Monday, May 14, 2012

Blogging through St. Augustine's "The City of God": notes on Book I

In a collection of the best first lines in literature, Augustine's "The glorious city of God is the theme of my work" would surely be in the top ten.

The Pastoral Response to Calamity
In Book I, it is Augustine the bishop that we meet. He's dealing with theodicy - if there is a good God, why do bad things happen? - except that this isn't your normal abstract theological pondering. The people of his diocese have just been through a barbarian invasion, suffering death, rape, and kidnapping. This theological treatise is pastoral.

Augustine writes, "though good and bad men suffer alike, we must not suppose that there is no difference between the men themselves, because there is no difference in what they both suffer . . . the same violence of affliction proves, purges, clarifies the good, but damns, ruins, exterminates the wicked . . . So material a difference does it make, not what ills are suffered, but what kind of man suffers them." (emphasis mine.)

The Fear of Good Men
Then, interestingly, he goes off into a side channel and observes that good men often fail to comment on the behavior of the bad when they should, because they are afraid of losing the opinion of bad men. I admit that I found this very challenging. Christians are so often characterized as "hateful", and you don't want to be that, right? I want so much for non-Christians to understand that I don't hate them. I love them, and I disagree with them. But how often do I soft-pedal my disagreement not because I want to express my love, but because I'm afraid my disagreement will be taken as hate? But it isn't love to lie, it isn't love to withhold the truth. I think I need to meditate more on the Bible's exhortations not to be frightened with any fear. Love and truth. Love and truth.

Quotables
A few short and pithy quotations from the middle of Book I:
For it was well that they who had so long despised these verbal admonitions should receive the teaching of experience.
For nothing could perish on earth save what they would be ashamed to carry away from earth.
Now the end of life puts the longest life on a par with the shortest.
For the body is not an extraneous ornament or aid, but a part of man's very nature.
Love of Others and Love of Self
There follows a very moving argument for why it is good to bury the dead, even though their souls are no longer with their bodies: it is a sign of our hope of the resurrection and our love for the people whose bodies we bury.

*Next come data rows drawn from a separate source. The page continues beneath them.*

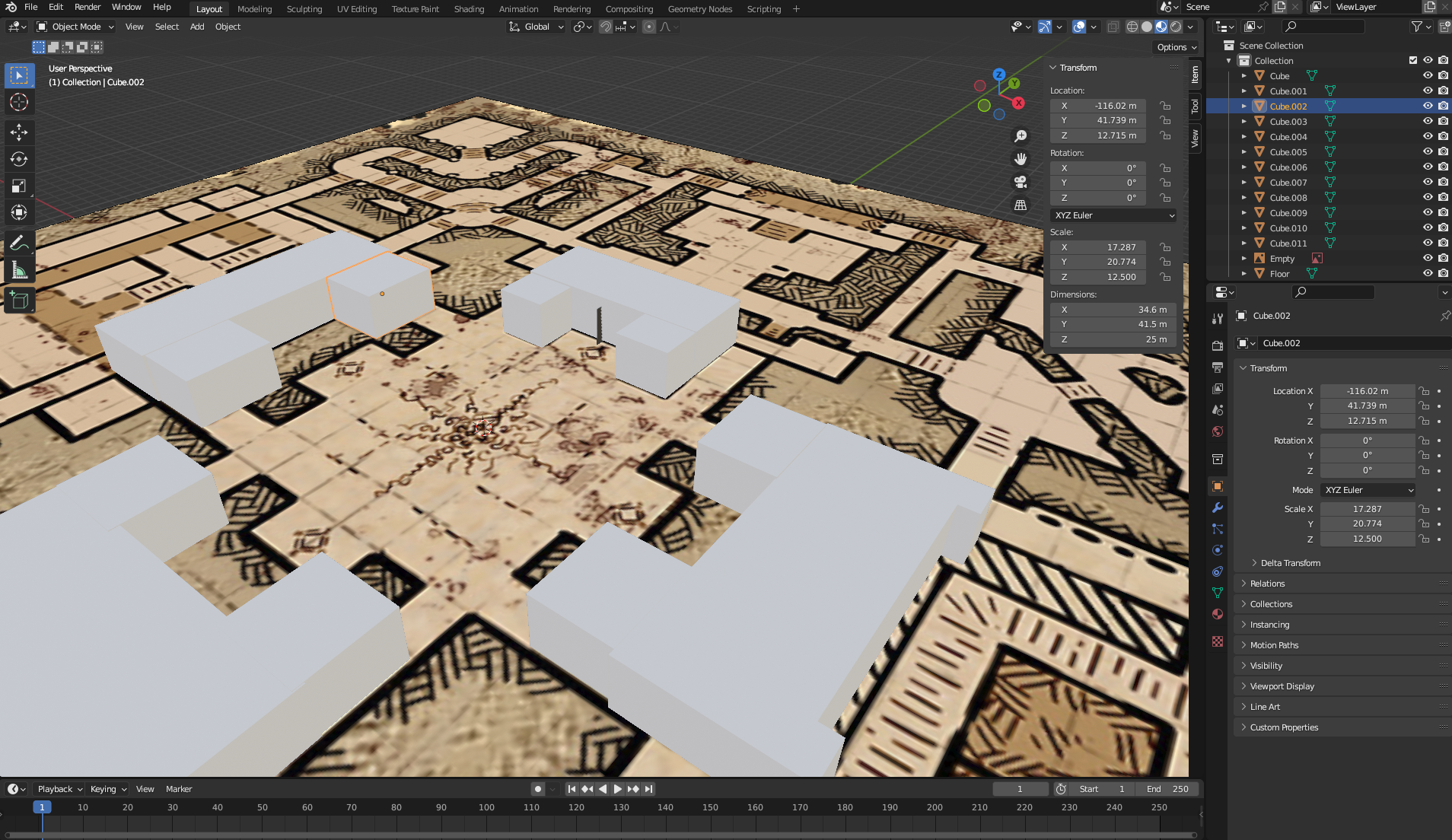 블렌더3d에서 다크앤다커 미니맵 사진을 기반으로 벽을 배치하고 세우고 언리얼 엔진으로 옮기기->
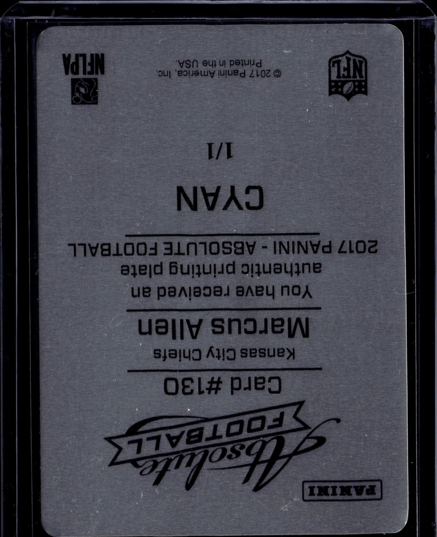 This is a nice example of a 2017 Panini Absolute #130 Marcus Allen Printing Plates Cyan Other important information about this card:SNIn 2017 Marcus Allen played for the Kansas City Chiefs.Please check out our other listings for more great cards.
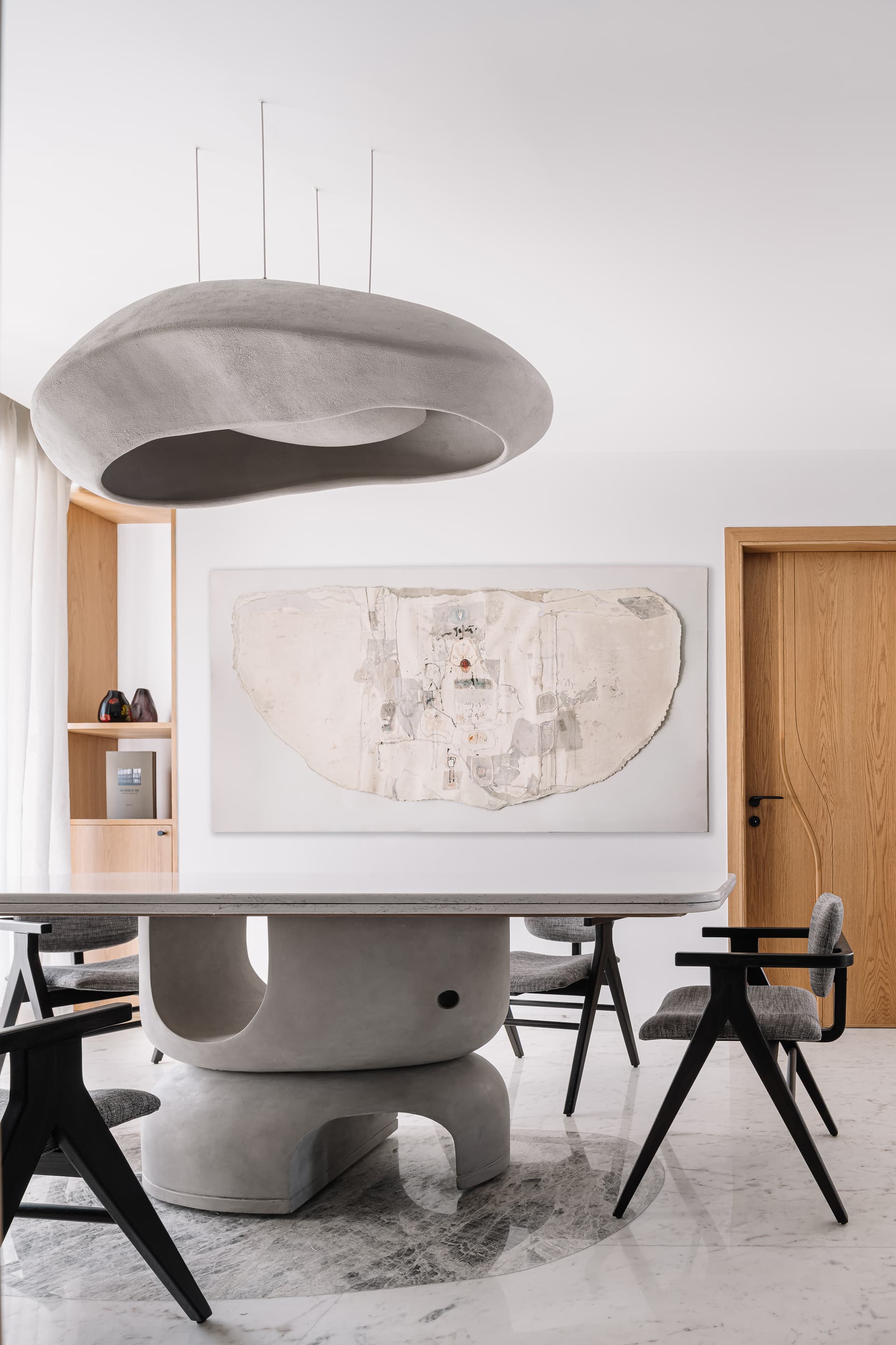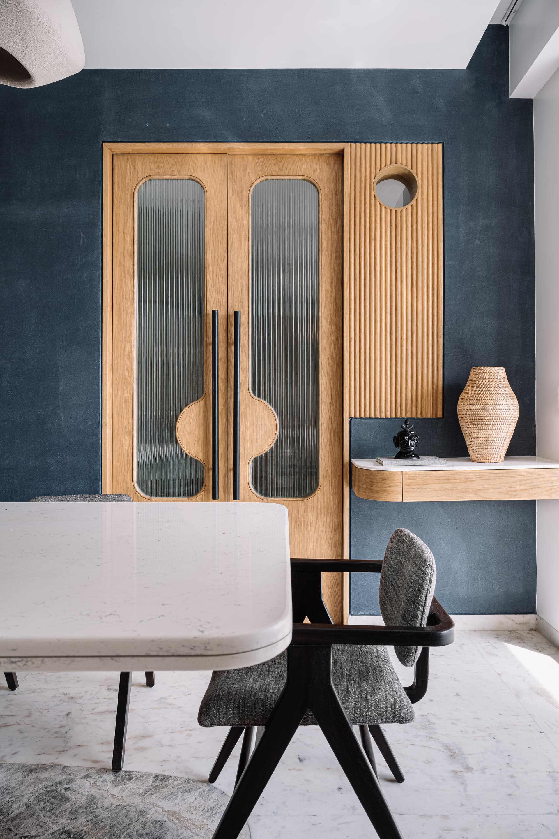 A welcoming gesture at the entrance, a soulful mosaic, crafted using remnant stones from different rooms is symbolic of the unique personalities of each member. A beguiling piece of art in soft hues against a cerulean blue backdrop, this statuesque mural greets guests with its compelling demeanour and vibrancy. The entrance unfolds to an exquisitely engaging living room that exudes a sublime voice with its art deco renditions. Gradients of soft hues, a tantalizing swing, and a bodacious table, nuanced with dark tones it crafts an aura of nostalgia and belongingness with its abstract visual language.

And then we come to Augustine's discussion of the rape of Christian women during the sack of the city. Some parts of it were very hard on my modern sensibilities - I'm still trying to think through all of his arguments - but this is very comforting for any victim of violence, I think, ageless advice and truth:

. . . nothing that another person does with the body, or upon the body, is any fault of the person who suffers it, so long as he cannot escape it without sin.
In other words: what someone else does to you is not your fault, it's his own. Augustine also argues against suiciding in order to escape violence, though he shows sympathy for those who took this route. He says that suicide is out because we aren't to commit the crime of murdering the innocent, and he adds that, "our love of our neighbor is regulated by the love of ourselves" - or, in other words, you are God's creature too, and you may not misuse His creation, even if that creation is you. You are to love others as you love yourself, so love yourself as God would have you do.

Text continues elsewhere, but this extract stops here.